EDITORIAL

Volcker’s good rule

Measure is to prevent large, federally insured banks from speculating in financial markets

12/12/2013

Enacted in 2010 as part of the Dodd-Frank financial regulation law, the Volcker Rule had a clear purpose: to prevent large, federally insured banks from speculating in financial markets.

Named for its leading advocate, former Federal Reserve Chairman Paul Volcker, the rule was supposed to help redraw a line between commercial banks, which would collect deposits and make loans, and hedge funds, private equity companies, and investment banks, which would take risks without any federal safety net. Keeping banks out of the speculation business would eliminate a source of system instability and taxpayer risk.

The problem has been how to distinguish speculative activities, known as “proprietary trading,” from activities Congress wants to permit, such as “market-making,” in which banks buy and sell securities as a service to clients, and hedging, in which banks purchase securities to offset risks elsewhere in their holdings. These line-drawing exercises — and others — occupied five federal agencies from the time Dodd-Frank passed until this week, when the agencies finally approved a regulation to carry out the Volcker Rule.

It defines market-making narrowly, linking it to demonstrated past client demand for such transactions. It discourages banks from compensating employees according to trading gains. It also requires top management to vouch, in writing, for compliance efforts.

On hedging, the rule is tougher than many expected, ruling out transactions that are not necessitated by a “specific, identifiable risk.” This would appear to eliminate broader portfolio-risk hedging of the kind that earned JPMorgan Chase a $6 billion loss on the notorious trades made by the “London whale.”

That fiasco was a turning point in the Volcker Rule process, leaving regulators much more skeptical of banks’ arguments. Or, as Federal Reserve governor Daniel Tarullo put it this week, the “London whale” loss “allowed staff to test the procedural and substantive requirements of the proposed rule against a real-world example of what should not happen in a banking organization.”
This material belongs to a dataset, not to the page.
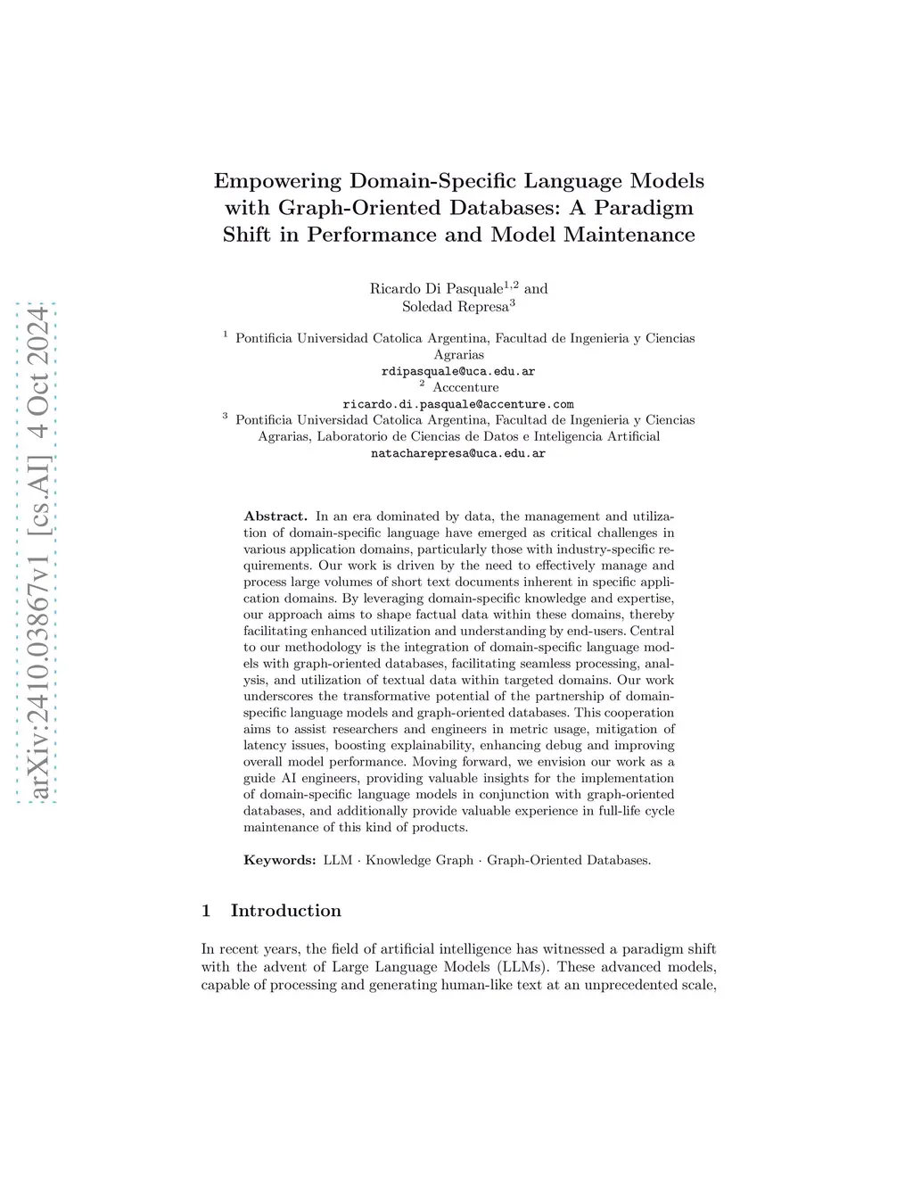 In an era dominated by data, the management and utilization of domain-specific language have emerged as critical challenges in various application domains, particularly those with industry-specific requirements. Our work is driven by the need to effectively manage and process large volumes of short text documents inherent in specific application domains. By leveraging domain-specific knowledge and expertise, our approach aims to shape factual data within these domains, thereby facilitating enhanced utilization and understanding by end-users. Central to our methodology is the integration of domain-specific language models with graph-oriented databases, facilitating seamless processing, analysis, and utilization of textual data within targeted domains. Our work underscores the transformative potential of the partnership of domain-specific language models and graph-oriented databases. This cooperation aims to assist researchers and engineers in metric usage, mitigation of latency issues, boosting explainability, enhancing debug and improving overall model performance. Moving forward, we envision our work as a guide AI engineers, providing valuable insights for the implementation of domain-specific language models in conjunction with graph-oriented databases, and additionally provide valuable experience in full-life cycle maintenance of this kind of products.

We are already living in a partially post-Volcker Rule world. The nation’s largest banks have been getting out of the proprietary-trading business in anticipation of the final document.

But since they presumably abandoned the most clearly impermissible activities first, regulators could well be left to face the murkiest gray areas when the rule takes full effect in 2015.

Mr. Tarullo alluded to these coming judgment calls when he noted that “a specific trade may be either permissible or impermissible, depending on the context and circumstances within which that trade is made.” As he also suggested, the challenge for regulators will be to conduct that case-by-case analysis without descending into arbitrariness.

Ultimately, inconsistent regulators would offer the public no more protection than profit-seeking traders.